When to seek professional help

Loneliness becomes a reason to seek support when it is persistent, when it is accompanied by low mood, hopelessness, or anxiety that does not lift, or when it leads to withdrawal that feels hard to reverse. A GP or mental health professional can help, and approaches such as cognitive behavioural therapy that address the thought patterns loneliness creates have good evidence behind them. If loneliness is ever accompanied by thoughts that life is not worth living, treat it as an emergency and contact local emergency services or a crisis line immediately. For a broader map of related topics, see our topics overview.

Frequently asked questions

What is the difference between loneliness and social isolation?

Social isolation is objective: it refers to having few social contacts or little interaction with others. Loneliness is subjective: it is the distressing sense that your relationships fall short of what you want or need. They frequently coincide, but a person can be isolated yet content, or surrounded by people yet deeply lonely. The distinction matters because the remedy for loneliness is rarely just more contact; it is more meaningful connection.

Is loneliness actually bad for your health?

The evidence is strong. Holt-Lunstad and colleagues (2010) found that stronger social relationships were associated with a 50% greater likelihood of survival, an effect comparable to quitting smoking. Their 2015 review found loneliness, social isolation, and living alone each raised the risk of early death by roughly a quarter to a third. The 2023 U.S. Surgeon General’s advisory summarised this evidence in describing social disconnection as a serious public health issue.

Why do I feel lonely even when I am around people?

Because loneliness is about the perceived quality of connection, not the number of people present. Feeling unseen, misunderstood, or unable to be yourself in company can produce loneliness even in a crowd or a relationship. Prolonged loneliness also biases the brain toward expecting rejection, which can make social situations feel less warm than they are, a pattern that is treatable.

What is the most effective way to reduce loneliness?

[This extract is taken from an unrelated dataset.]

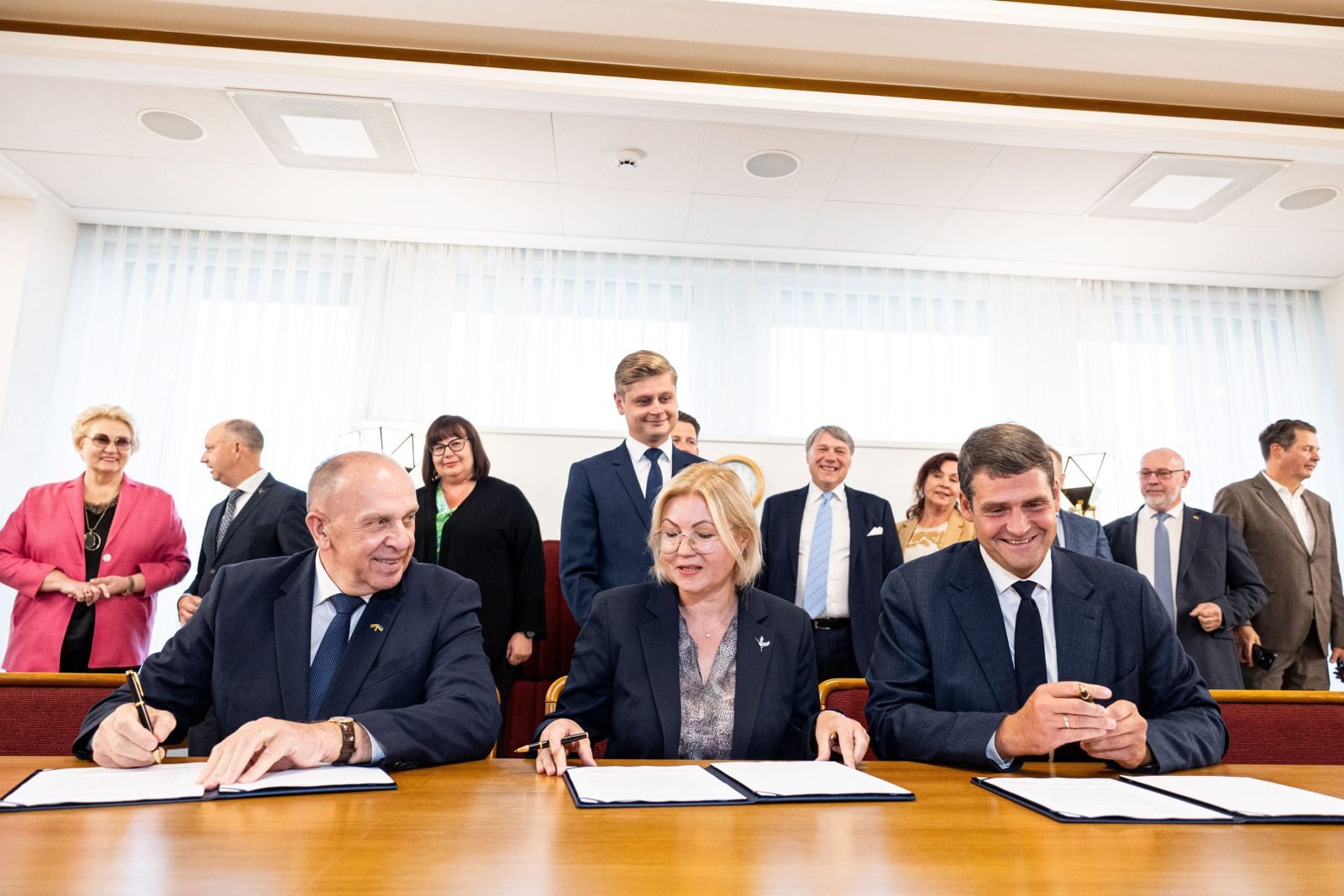 Socialdemokratų, „aušriečių“ ir „valstiečių“ frakcijos pirmadienį pasirašė susitarimą dėl valdančiosios koalicijos sudarymo.

The meta-analysis by Masi and colleagues (2011) found that the most effective interventions were not those that simply increased social contact, but those that addressed maladaptive social cognition, the unhelpful thought patterns loneliness creates, such as anticipating rejection. Approaches based on cognitive behavioural principles, which help people notice and test these predictions, tended to work best, often alongside opportunities for genuine, shared-interest connection.

Is loneliness more common in older or younger people?

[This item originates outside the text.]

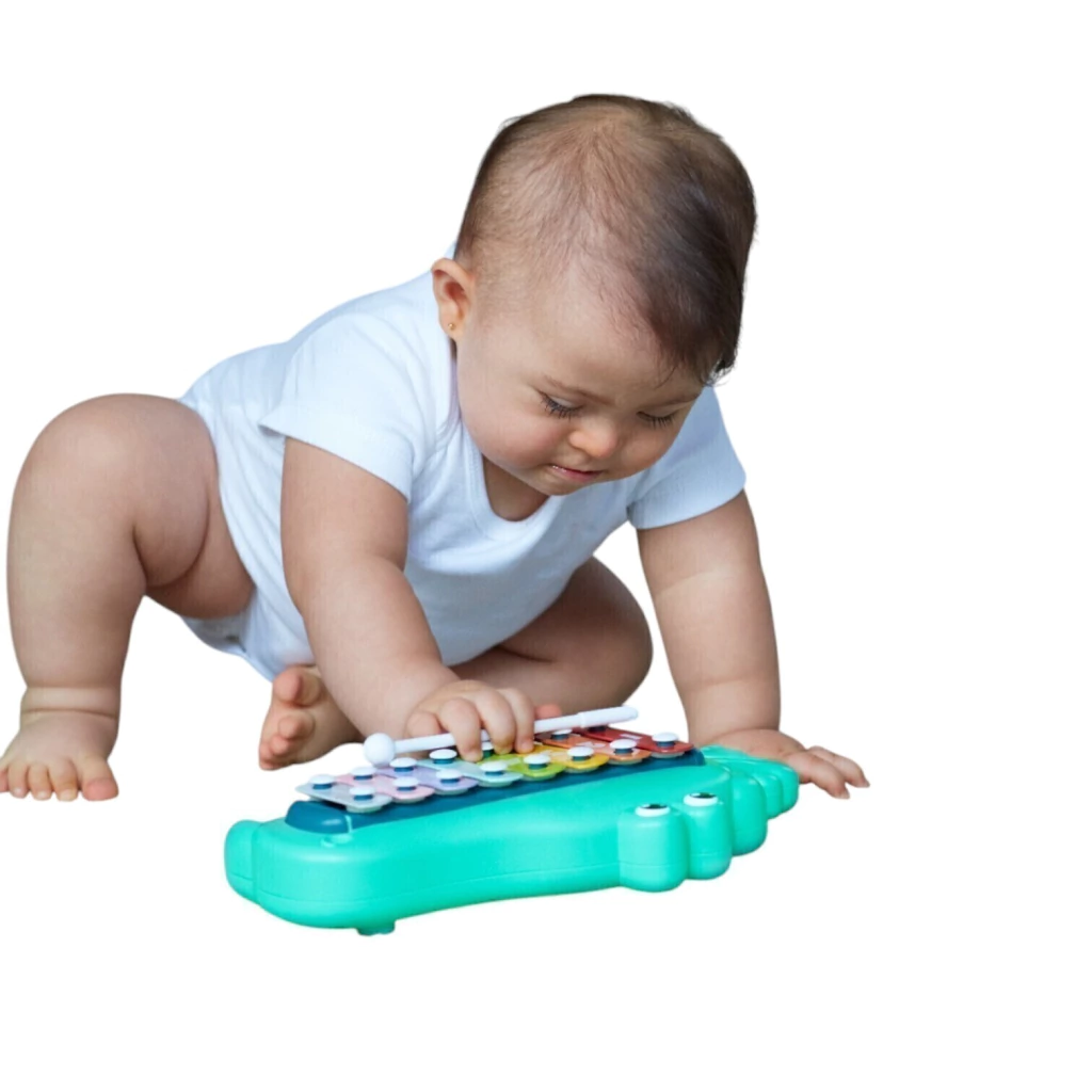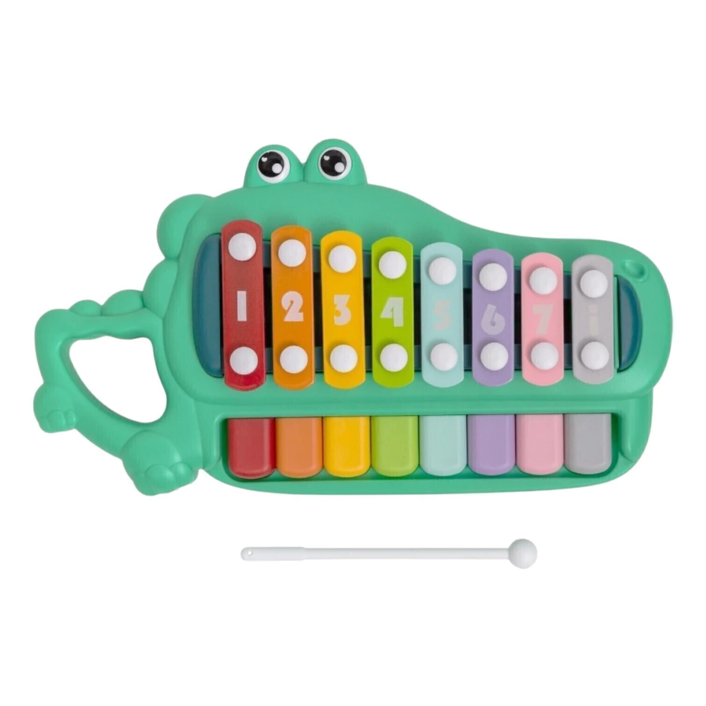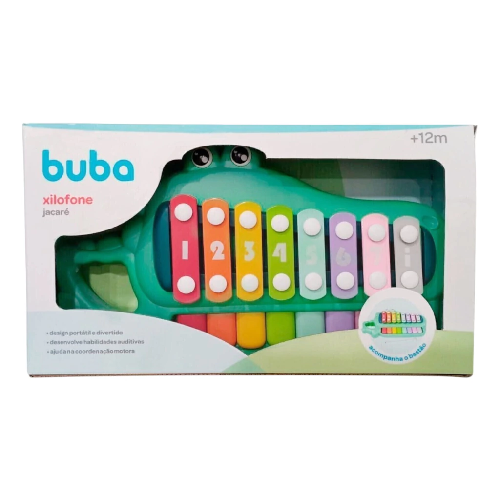 Colorido e divertido, possui formato de jacaré, além de conter alça de transporte para que os pequenos possam brincar onde quiser. Ao tocar as barras com o bastão ou pressionar as teclas com os dedinhos, o brinquedo produz diversos sons que auxiliam na percepção rítmica, bem como tornam as brincadeiras ainda mais divertidas.

Both groups are affected, and the stereotype that loneliness is mainly an issue of old age is misleading. Surveys consistently find high levels of loneliness among young adults, while older adults remain vulnerable through bereavement, reduced mobility, and shrinking networks. Major life transitions at any age, such as moving, starting a new stage of life, or losing a relationship, are common triggers because they disrupt established social connections.